うちのクラスは化学を利用したアイスクリーム屋を運営していた。
理系クラス特有の楽しみ方だと思うけれど、他のクラスより予算はギリギリだ。
そのせいで学活時にマイナスな方向に流れた時 ときも「やってみようよ!」と全体の背中を押したのは、やはり彼女だったのだ。
「A、さん」
「作間くん?」
名前で呼んでいいよと許可はもらった。
だけど、呼び捨てだとか、ちゃん付けをする勇気がなくて、結果ますます気持ち悪くなっているのは自覚している。

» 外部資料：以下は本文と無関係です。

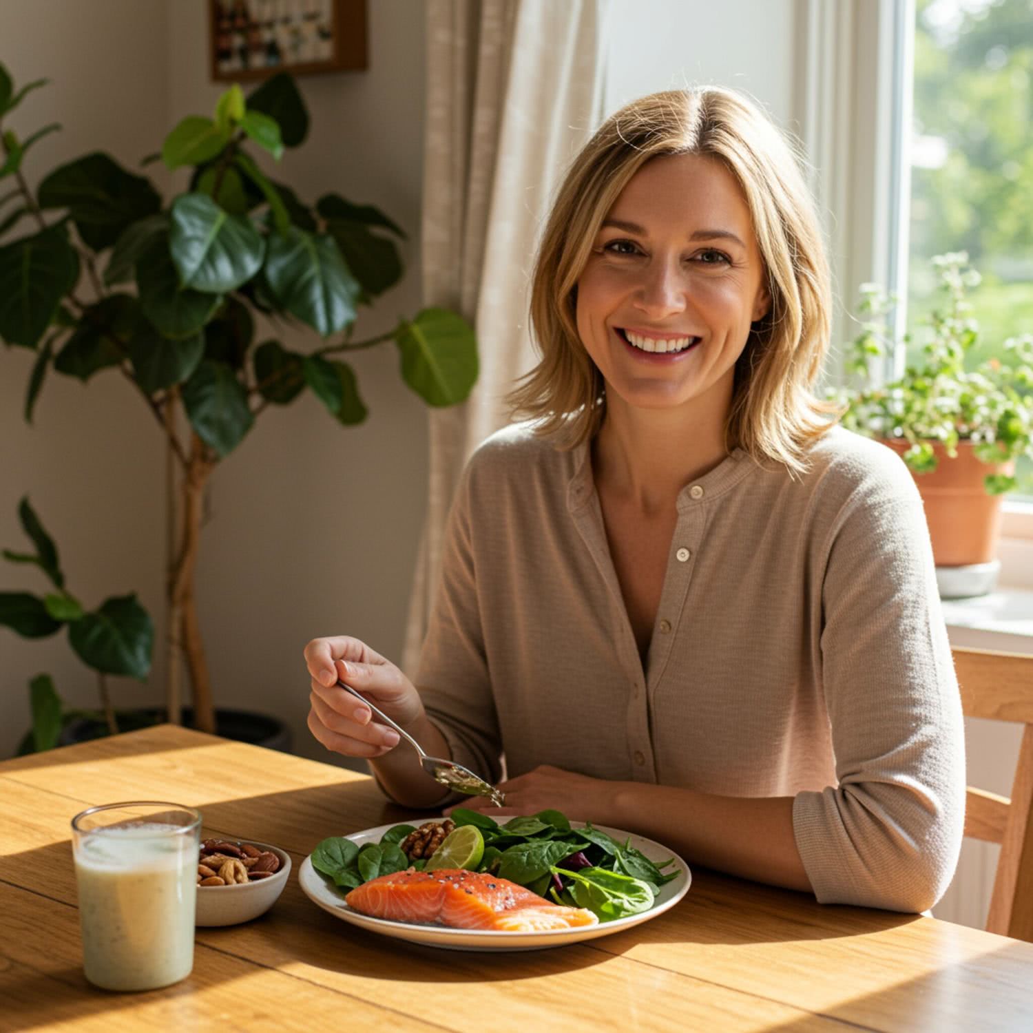 Professional photography of: of a smiling woman in her 30s or 40s, seated at a wooden table with a plate of fresh foods including salmon, spinach, avocado, and nuts. She is dressed in casual, comfortable clothing. The background features a sunlit window with soft, natural light streaming in and lush green plants, creating a warm and inviting atmosphere. The scene is set in a cozy kitchen or dining area, with no distracting elements, focusing on the woman and her meal. The overall composition emphasizes a healthy and positive mood, with the woman’s face and the fresh food as the central elements of the image. Overall image style is soft-pastel professional photography with warm colors, brigh soft lightning, soft vignettes, blurred background.

休憩中の彼女は、ピンクのユニフォームを着たまま一人でいちごシャーベットを頬張っていた。
「何食べてるの」
「熱伝導コーナーでミスが出たいちごアイス」
「一口ちょーだい」
彼女の隣に座って口を半開きにした。
きっと断られる、それで俺は笑いながらスプーンを受け取るんだ、そう思っていたのに。
「作間くん、甘えたさんだね?」
下を向いて照れた後に、丁度良い量をスプーンに乗せて俺の口まで運んでくれる。
至近距離で顔を見たのは初めてだった。
おでこにはできかけのニキビがあって、それでも頬は十分綺麗で程よく紅い、リップが少し取れたぷるぷるの唇、綺麗な鎖骨まで全部見えてしまった。
興奮しないわけがない。
「美味しい?」
俺は準備期間に試作すら食べていなかったから、気にしてくれているのだろうか。
「…美味しい」
俺がそう言えばニコニコと笑う。
ねぇ。
僕は君に"悪いこと"がしたい。
身体の芯が疼いて、もう我慢の限界だ。
「可愛い、…」
もう少しだけ顔を接近させたら、唇と唇がついてしまった。
もう戻れない。
だけど、抑えられない。
それはきっと君だから、君のことになると理性も狂ってしまう自分がいるから。
柔らかな唇。
細目で君を見ると、潤んだ瞳で俺を受け入れているんだ。
調子に乗って唇を舌でなぞると、さすがに少し困惑したのか口を開く。
その隙間に自分の舌をねじ込んだ。
「んっ…、ふぅ、」
抵抗をするどころか、一生懸命に舌を絡ませてくる。
俺は片手で彼女の頭を掴んだ。
彼女は探りながら俺の腰に手を這わす。
少し苦しいかと思って口を離すと、一瞬銀色の糸を引いて、すぐに切れた。
あぁ、ダメだ。
君は永遠に届かない存在のはずだったのに。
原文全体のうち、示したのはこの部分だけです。